林子齊
Use last year's Lab 3 RISC-V 32-bit single-cycle CPU as a template to construct a pipelined CPU with CLINT (Core Local Interruptor). The goal is to achieve minimal ISA support required to run FreeRTOS. Implement the design on an FPGA and attempt to run FreeRTOS on a physical development board.
I strive to use only open-source tools for this project. Although setting up the development environment can be complex, I manage my toolchains using Nix Home Manager in my configuration file. Refer to my ubuntu-config and use soc-flake
to install the necessary packages.
In modern CPUs, communication between the data memory and the CPU occurs via the bus.
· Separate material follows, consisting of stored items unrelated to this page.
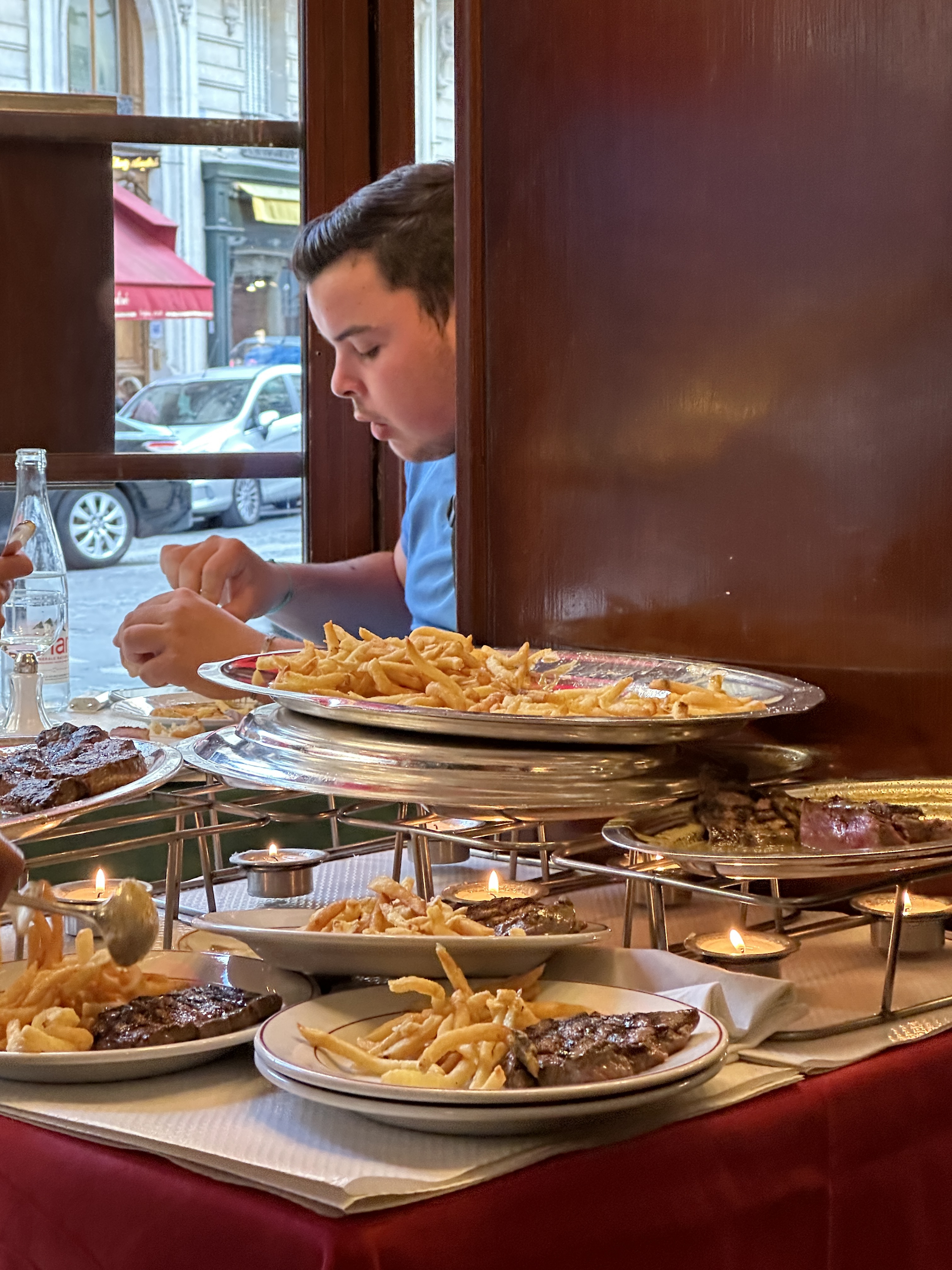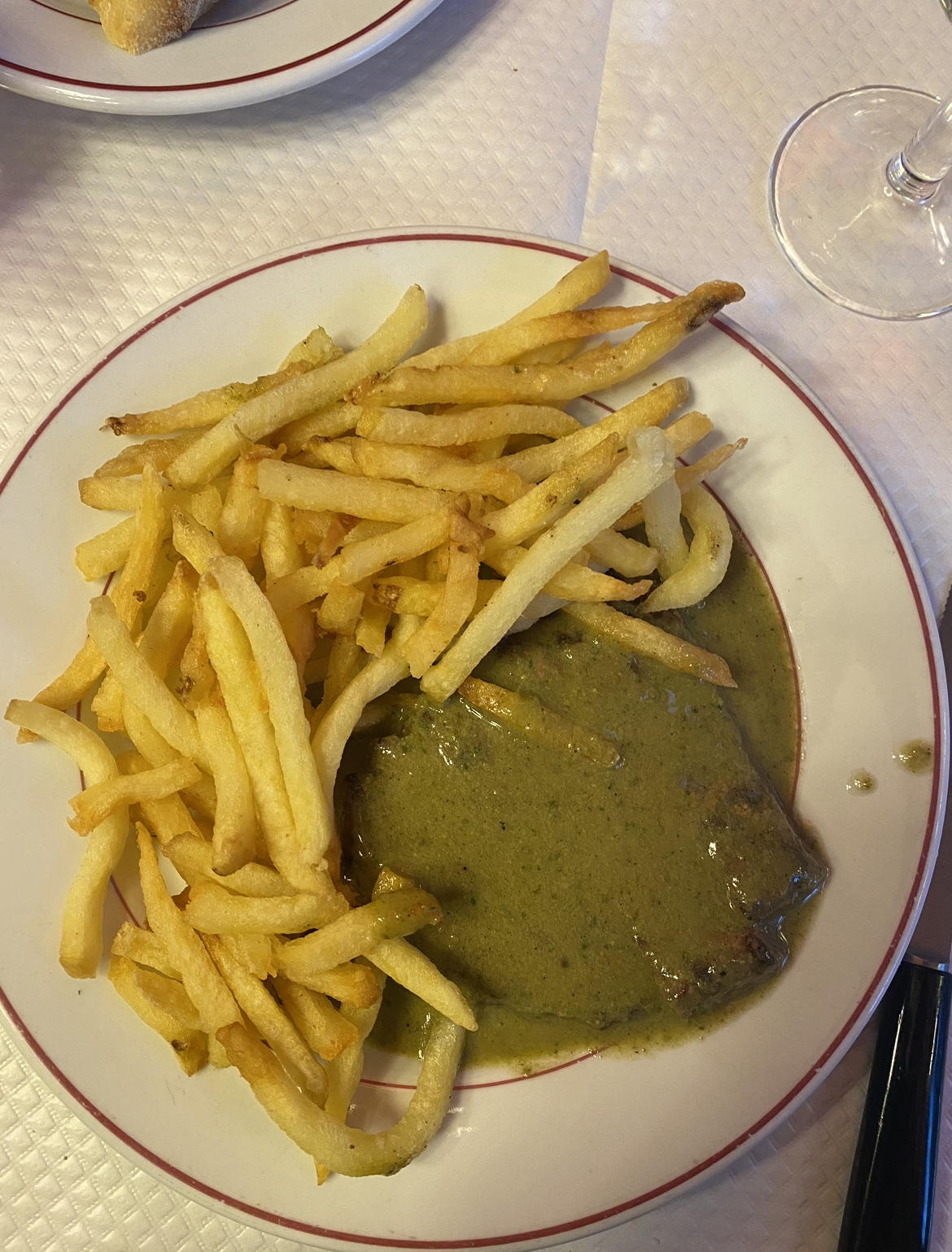 J'avais quelques attentes sur ce restaurant, l'un des meilleurs de Paris dit-on, un menu unique mais incontournable, tellement réputé qu'il y a de l'attente pour manger, et finalement, je suis pas complètement ravie. La nourriture copieuse (deux services de frites et de viande) est bonne, mais pas exceptionnelle. À part ça, le service est vraiment amical et serviable, rien à redire dessus. J'y suis allée une fois mais je suis pas prête d'y retourner, surtout si il y a de l'attente.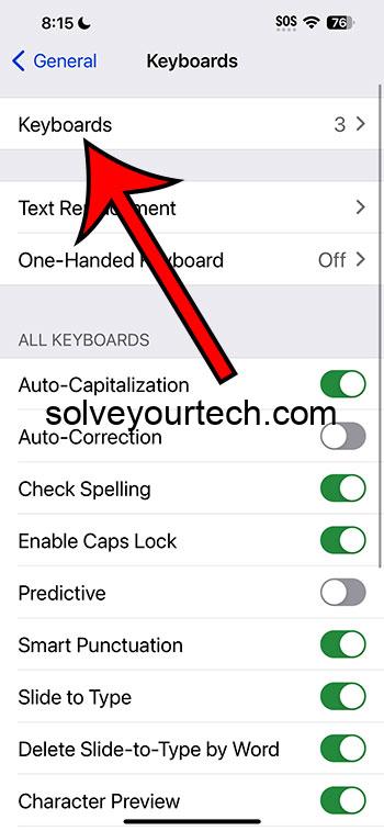 - 「キーボード」をタップして、インストールされているすべてのキーボードのリストを表示します。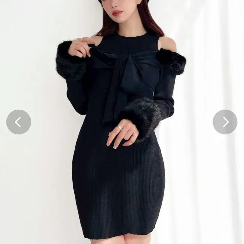 [새상품] RESEXXY 포인트 인조 모피 미니 니트 원피스 블랙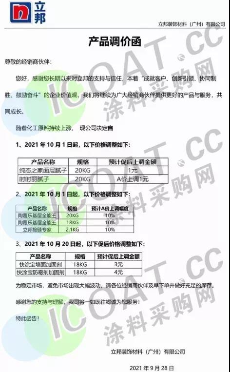 立邦裝飾材料(廣州)有限公司:10月1日起,產品價格進行調整:
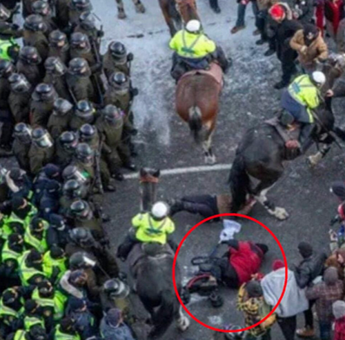 Canadian Liberal fascists ordered police to quell the protests. Ottawa mounted police used horses to charge into a crowd of peaceful protesters. The regime attacked crowds with rubber bullets and tear gas,[95] smashing truckers' windows amid frigid winter temperatures. An elderly, disabled, First Nations woman, a Mohawk elder[96][97][98] later identified as Candice Sero,[99] was standing with her mobility walker as the mounted police charged over her. She was originally reported to have been trampled to death,[100] but was later reported to be alive and in hospital with a dislocated shoulder.[101] Her words she spoke before she was trampled were recorded on video just before the assault by forces loyal to the liberal fascist regime: "Peace, love, and happiness. Peace. We are peaceful."[102] Social media exploded with calls for the UN to investigate Trudeau's human rights abuses.[103] Rebel News reporter Alexa Lavoie was viciously assaulted and injured by OPS jackboots, one of whom lunged at her and struck her in the head three times without provocation, followed by a second jackboot shooting a tear gas canister at her leg at point-blank range, all of which was caught live on camera as she was covering the OPS' continuing Trudeau-ordered Gestapo tactics against Freedom Convoy protesters.[104] Several of the protesters rescued Lavoie from being further attacked by the uniformed thugs. Rebel News host Ezra Levant, who speculated that Trudeau has officially ordered his jackboots to attack journalists who film their criminal activity and pointed out that some of them intentionally attacked Lavoie after they saw her filming them assaulting protesters, announced that the news outlet will sue the OPS for its criminal assault against Lavoie. Police received so many complaints about police misconduct that they sent out a tweet asking the public to stop calling emergency numbers.[105]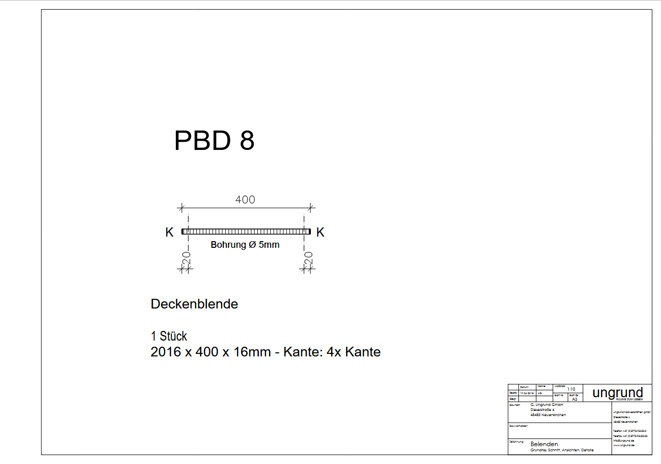 Produktinformationen "PBD 8 Paßblende Decke, 2016 x 400 x 16, 4 x Kante"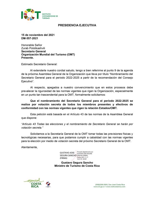 Este lunes 15 de noviembre pasado, publicamos una carta abierta a los Estados miembros de la OMT, firmada por ex altos mandos de la institución en la que se tomaba una decidida posición para que no fuese reelecto en su cargo el actual Secretario General de la Organización Mundial del Turismo, Zurab Pololikashvili para el período 2022-2025 y entre varias consideraciones, una parte de la misiva decía textualmente "A tal efecto, y de conformidad con el artículo 43 del Reglamento. de la Asamblea General, tal vez desee solicitar una votación secreta sobre este Punto del orden del día, y si la votación así lo determina, encomendar al Consejo Ejecutivo para poner en marcha un proceso electoral nuevo y adecuado". Con que uno sólo de los Estados hiciese tal solicitud alcanzaba, y esa premisa se dio en esta jornada con el pronunciamiento del Instituto Costarricense de Turismo, que por medio de una carta firmada por el Ministro de Turismo Gustavo José Segura Sancho, pide "Que el nombramiento del Secretario General para el período 2022-2025 se realice por votación secreta de todos los miembros presentes y efectivos de conformidad con las normas vigentes que rigen la relación Estados/OMT".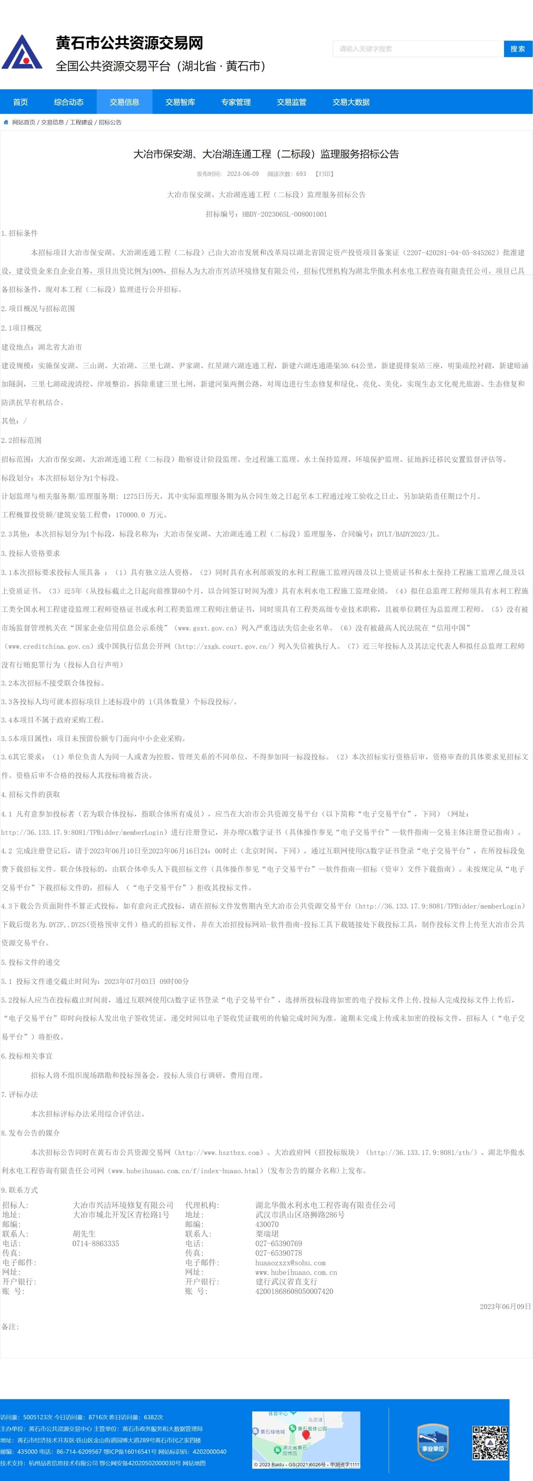 8.发布公告的媒介 本次招标公告同时在黄石市公共资源交易网(http://www.hsztbzx.com)、大冶政府网(招投标版块)(http://36.133.17.9:8081/ztb/)、湖北华傲水利水电工程咨询有限责任公司网(www.hubeihuaao.com.cn/f/index-huaao.html)(发布公告的媒介名称)上发布。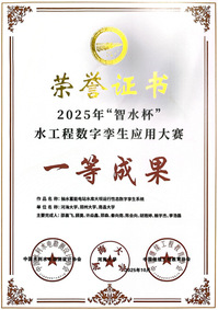 2025年10月21日,“智水杯”水工程数字孪生应用大赛公布评选结果。av漫画 高玉琴教授带领的团队作为唯一一个高校牵头申报参加企业组数字孪生流域比赛并荣获成果二等奖(在80余个企业组参赛团队中排名第6),邵晨飞副教授、齐慧君副教授分别带领的两个团队均荣获高等院校组数字孪生成果一等奖(在30余个参赛团队中排名分别为第二和第四)。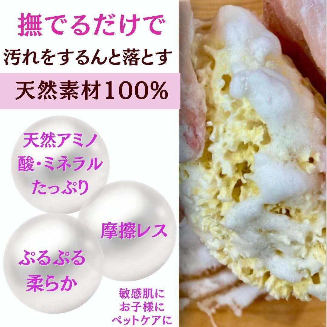 【使用方法】海綿を濡らして柔らかくします。ボディソープ等をたっぷり含ませてやさしくお使いください。こすらず、優しくなでるだけ、毛穴汚れ、古い角質がしっかり落ち、お肌への負担がありません。使用後は、スポンジをすすぎ、軽く絞って水を切り、乾燥させてください。海綿は海の粒子が残っている場合があるため、初めて使用する前には必ずスポンジをよく洗ってください。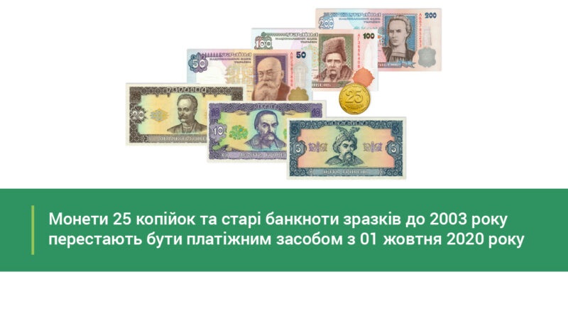 З 1 жовтня 2020 року монети номіналом 25 копійок та банкноти гривні старих зразків до 2003 року перестають бути засобом платежу.

However, as this is too complex for this project, I have implemented only the simplest data memory, which is directly connected to the memory stage without bus.
After modifying the data memory implementation, the single-cycle CPU failed the CPU test. Upon inspecting the waveform, I noticed that if the current cycle is an L-type instruction, the data from memory does not appear until the next cycle. This delay prevents the destination register from being updated correctly within the same cycle.
In my view, if we want to use a synchronous read memory in a single-cycle CPU, we need to include a buffer to temporarily hold the data and an appropriate register write-enable mechanism, so that the data can be written in the following cycle. Since this adds complexity to a single-cycle design, I switched to an asynchronous memory implementation. With asynchronous reads, the data is available within the same cycle, allowing the CPU to pass the test.
As previously mentioned, this project is a simplified implementation. The instruction read-only memory is directly connected to the instruction fetch stage. However, in a real system, the instructions would reside in main memory, requiring an operating system to manage the memory state. Since our CPU implementation does not include an operating system, we must load the program’s binary code into the instruction memory for each test.
To test the functionality of the CPU, we need to compile a C program into binary code and manually load the binary program into memory. On my Mac, I use the RISC-V toolchain installed via Homebrew to compile and link the program into an executable file. Then, I extract the .text
and .data
segments to create a binary program.
On my Mac, only the RISC-V 64 toolchain is available, so it's necessary to add an option to specify the target architecture. For example, if the single-cycle CPU only implements the RV32I instruction set, we need to explicitly specify it.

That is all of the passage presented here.